Composition / ingredients

servings:
Translation table of volumetric measures
Nutrients and energy value of the composition of the recipe
By weight of the composition:
Proteins 10 % 6 g
Fats 31 % 19 g
Carbohydrates 59 % 36 g
335 kcal
GI: 3 / 0 / 97

Cooking method

Cooking time: 1 h
A very tasty and nutritious addition to morning coffee or green or Wu-lung tea. And so, it eats up during the day with great pleasure.
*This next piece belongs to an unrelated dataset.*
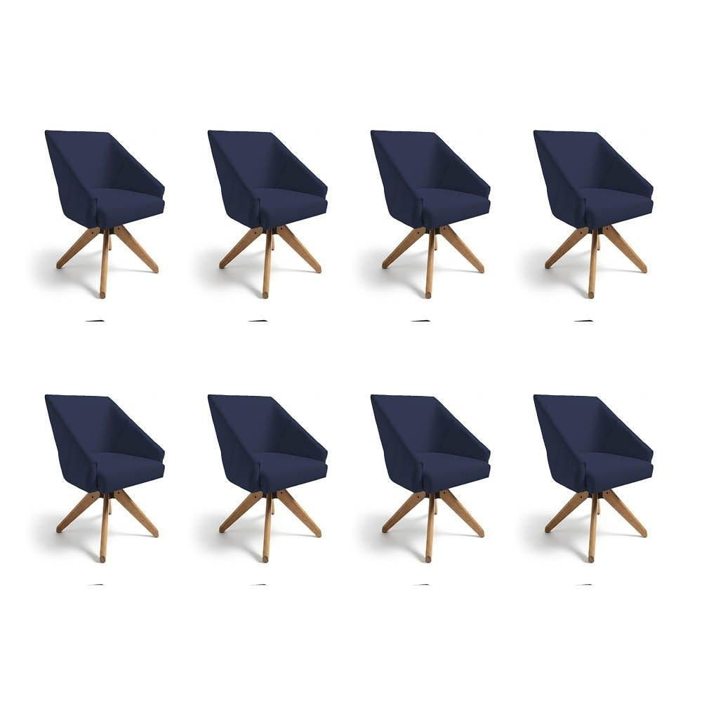 Kit 8 Poltronas Giratórias Alana Suede Base De Madeira - Pallazio Cor Azul Marinho
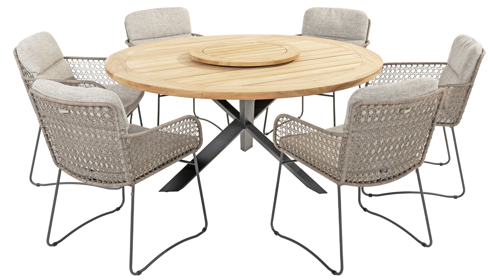 Gartenmöbel aus Teakholz bieten einen atemberaubenden Blick.Teakholz eignet sich besonders gut für den Einsatz im Außenbereich. Es ist resistent gegen Schädlinge und Pilze und widerstandsfähig gegen Sonne, Regen und Schnee. Mit der Zeit entwickelt das Teakholz eine silbergraue Patina. Gartenmöbel aus Teakholz bieten einen atemberaubenden Blick. Darüber hinaus ist es starkes Material und erfordert nur wenig Wartung. Wer die ursprüngliche Farbe des Teakholzes bevorzugt, kann durch regelmäßiges benutzen unser Pflegemittel ganz einfach das Vergrauen des Holzes verhindern.Darüber hinaus können Sie Teak mit grüner Seife reinigen. Durch Temperaturunterschiede und durch den Wechsel von Feuchtigkeit und Trockenheit können kleine Haarrisse entstehen. Es ist üblich, dass Man in dies Unvollkommenheiten findet, diese Unregelmäßigkeiten sind kennzeichnend für dieses Produkt. Diese Unregelmäßigkeiten können nie einen Anlass zu Reklamation, Garantie oder Claim formen. Es betrifft eine Unterschrift von Originalität! Wir gewähren Garantie auf alle Produktions- und Konstruktionsfehler. Die Wirkung von Teakholz ist nicht enthalten. Wenn Sie sich für Teakholz entscheiden, erwarten wir, dass Sie diese Eigenschaften zu schätzen wissen. Eventuell auftretende Haarrisse, Äste im Teakholz und raue Oberflächen im Laufe der Zeit fallen nicht unter unsere Garantie. Diese Eigenschaften verleihen dem Teakholz seinen eigenen Charakter und sind Teil der Optik. Seien Sie vorsichtig mit einem Blumentopf oder einer Vase auf Ihrem Gartentisch aus Teakholz, da dies zu hartnäckigen Kreisen oder Farbunterschieden führen kann.

- In a bowl with a blender, we chop the raw pulp (!!!) pumpkins. Alternatively, you can grate it on a fine grater.
- Add sugar, egg and softened butter to the crushed pumpkin. And again, mix everything with a blender until the sugar dissolves.
- Gradually add flour to the resulting mixture and knead the dough with a fork / spoon, whichever is more convenient. As a result, a moist dough should turn out, slightly sticking to the walls of the bowl, but amenable to modeling.
- Turn on the oven to warm up 180 degrees.
- While the oven is heating up, moisten your hands with sunflower oil, and mold the dough into balls the size of a walnut (+ /-), spread the resulting balls on a baking sheet. I spread it just on a dry (titanium-coated baking sheet), you can spread it on a silicone one simply. But on a regular one - it is recommended to lay baking paper. As soon as the oven warms up, we put a baking tray with cookies for 15-25 minutes (depending on the oven). Cookies should be slightly browned on top, get a "peach" shade.
- While the cookies are in the oven, we prepare the powder for it. Bitter chocolate (the bitterer, the better, optimally 95%) is crushed in a blender to fine crumbs. Add vanilla and cinnamon to the chocolate chips, and mix thoroughly. Before use, we put it in the refrigerator.
- As soon as the cookies have acquired the golden hue we need, turn off the oven, take out the baking sheet and chocolate powder. And we sprinkle the powder on the cookies with a "pea". It is better to pour in 2 stages - at the first we pour a little - the chocolate will begin to melt and form a sticky base, then we add more chocolate to the sticky layer (by the way, it will melt less intensively). And again we remove the baking tray with cookies in the off oven until it cools down.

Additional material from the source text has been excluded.